Ketika sudah mendapatkan investor baru, tutur Aloysius, maka Merpati Airlines akan terbang kembali dalam menjalankan bisnis seperti sedia kala.

Menurut dia, pemerintah melalui Kementerian BUMN, sudah menyelesaikan 98 persen hak yang diinginkan karyawan. Pada akhirnya, pemerintah bisa menyetop kerugian yang menimpa Merpati.

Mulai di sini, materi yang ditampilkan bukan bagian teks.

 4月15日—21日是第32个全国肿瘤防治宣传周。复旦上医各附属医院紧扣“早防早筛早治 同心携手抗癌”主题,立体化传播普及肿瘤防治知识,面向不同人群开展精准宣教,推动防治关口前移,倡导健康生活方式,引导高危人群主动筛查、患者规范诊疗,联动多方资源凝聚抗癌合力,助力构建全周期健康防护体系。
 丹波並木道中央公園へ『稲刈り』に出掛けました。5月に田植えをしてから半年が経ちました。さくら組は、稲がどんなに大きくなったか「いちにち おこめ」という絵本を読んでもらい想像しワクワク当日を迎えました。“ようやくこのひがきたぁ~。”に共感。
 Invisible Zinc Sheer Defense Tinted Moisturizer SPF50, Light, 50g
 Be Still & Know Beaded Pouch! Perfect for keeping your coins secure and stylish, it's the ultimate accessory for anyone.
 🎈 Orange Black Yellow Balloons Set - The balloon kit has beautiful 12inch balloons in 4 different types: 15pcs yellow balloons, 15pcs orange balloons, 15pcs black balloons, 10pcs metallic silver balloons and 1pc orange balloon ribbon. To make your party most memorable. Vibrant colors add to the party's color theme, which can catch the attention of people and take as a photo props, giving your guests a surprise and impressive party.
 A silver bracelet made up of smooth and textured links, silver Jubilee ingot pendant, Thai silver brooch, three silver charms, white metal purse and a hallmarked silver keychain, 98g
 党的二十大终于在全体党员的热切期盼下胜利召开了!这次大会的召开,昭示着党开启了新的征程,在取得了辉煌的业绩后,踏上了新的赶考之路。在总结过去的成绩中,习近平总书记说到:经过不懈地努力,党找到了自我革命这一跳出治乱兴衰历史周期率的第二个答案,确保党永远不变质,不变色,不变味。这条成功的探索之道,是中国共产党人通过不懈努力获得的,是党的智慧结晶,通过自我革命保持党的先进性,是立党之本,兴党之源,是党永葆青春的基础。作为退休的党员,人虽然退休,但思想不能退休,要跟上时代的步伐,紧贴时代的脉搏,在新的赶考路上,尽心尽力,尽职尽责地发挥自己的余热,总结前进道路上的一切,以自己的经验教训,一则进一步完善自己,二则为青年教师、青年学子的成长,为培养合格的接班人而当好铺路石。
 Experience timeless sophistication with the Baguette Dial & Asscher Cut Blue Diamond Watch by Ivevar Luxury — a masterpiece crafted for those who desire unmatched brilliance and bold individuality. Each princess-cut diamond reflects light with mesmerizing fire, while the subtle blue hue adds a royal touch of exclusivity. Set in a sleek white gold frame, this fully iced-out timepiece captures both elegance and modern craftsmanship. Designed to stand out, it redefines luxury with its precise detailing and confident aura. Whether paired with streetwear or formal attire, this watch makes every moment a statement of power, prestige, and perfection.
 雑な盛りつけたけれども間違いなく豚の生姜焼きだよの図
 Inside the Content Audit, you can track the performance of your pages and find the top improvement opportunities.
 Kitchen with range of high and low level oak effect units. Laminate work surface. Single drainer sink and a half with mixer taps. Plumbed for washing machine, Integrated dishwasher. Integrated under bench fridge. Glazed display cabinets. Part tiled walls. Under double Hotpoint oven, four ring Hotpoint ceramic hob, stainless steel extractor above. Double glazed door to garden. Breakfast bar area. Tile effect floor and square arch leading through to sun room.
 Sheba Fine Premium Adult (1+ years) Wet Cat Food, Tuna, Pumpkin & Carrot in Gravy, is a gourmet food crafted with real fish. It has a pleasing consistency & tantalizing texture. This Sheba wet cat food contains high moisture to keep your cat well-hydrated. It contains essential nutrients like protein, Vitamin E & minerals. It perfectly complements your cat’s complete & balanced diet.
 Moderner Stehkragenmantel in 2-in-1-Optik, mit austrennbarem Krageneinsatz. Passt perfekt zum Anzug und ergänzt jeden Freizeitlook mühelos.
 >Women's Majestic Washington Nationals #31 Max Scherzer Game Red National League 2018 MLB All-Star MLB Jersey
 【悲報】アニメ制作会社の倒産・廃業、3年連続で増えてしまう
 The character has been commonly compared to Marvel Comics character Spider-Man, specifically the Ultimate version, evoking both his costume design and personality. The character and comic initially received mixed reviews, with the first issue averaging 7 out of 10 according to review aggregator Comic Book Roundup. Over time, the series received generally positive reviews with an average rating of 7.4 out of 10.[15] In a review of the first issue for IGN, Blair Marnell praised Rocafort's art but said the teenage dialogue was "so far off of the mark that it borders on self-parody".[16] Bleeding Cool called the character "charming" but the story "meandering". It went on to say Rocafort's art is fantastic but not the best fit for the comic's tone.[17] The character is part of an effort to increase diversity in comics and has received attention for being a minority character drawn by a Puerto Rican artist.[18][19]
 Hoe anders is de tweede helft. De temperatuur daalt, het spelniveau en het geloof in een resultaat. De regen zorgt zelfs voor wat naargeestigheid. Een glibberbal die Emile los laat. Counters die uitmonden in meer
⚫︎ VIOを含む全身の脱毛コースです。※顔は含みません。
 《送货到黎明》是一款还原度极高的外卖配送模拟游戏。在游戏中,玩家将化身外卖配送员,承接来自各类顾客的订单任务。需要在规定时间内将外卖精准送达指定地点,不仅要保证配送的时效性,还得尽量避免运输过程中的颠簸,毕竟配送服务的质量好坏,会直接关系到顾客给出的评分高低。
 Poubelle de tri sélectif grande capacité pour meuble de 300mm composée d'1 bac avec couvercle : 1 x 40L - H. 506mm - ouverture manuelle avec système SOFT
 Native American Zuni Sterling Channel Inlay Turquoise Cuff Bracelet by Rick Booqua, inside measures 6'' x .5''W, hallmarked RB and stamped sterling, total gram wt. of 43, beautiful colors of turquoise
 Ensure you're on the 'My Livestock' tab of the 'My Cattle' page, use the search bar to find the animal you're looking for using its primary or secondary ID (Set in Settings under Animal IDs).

‎"Bisnis perintis sebenarnya enggak banyak.‎ Kalau itu dibiarkan, akan bergulung terus, tanpa kita memperhatikan hak mereka. ‎Pembayaran tidak 100 persen tetapi kita sudah mendapatkan kesepakatan dengan pekerjanya," ungkap Aloysius.

Dirinya mengakui, saat mencari investor, ada beberapa kendala yang harus dihadapi. Pasalnya, menjalankan bisnis maskapai tidak lah mudah. Maka dari itu, pemerintah benar-benar serius mencari investor yang berminat menghidupi Merpati Airlines.

"M‎erpati sudah setop operasional sejak 2014. Yang beroperasi adalah anak perusahaan, MTC Merpati Training Center yaitu sekolah pilot dan pramugrari. Kedua, MMF seperti GMF," sebut Aloysius.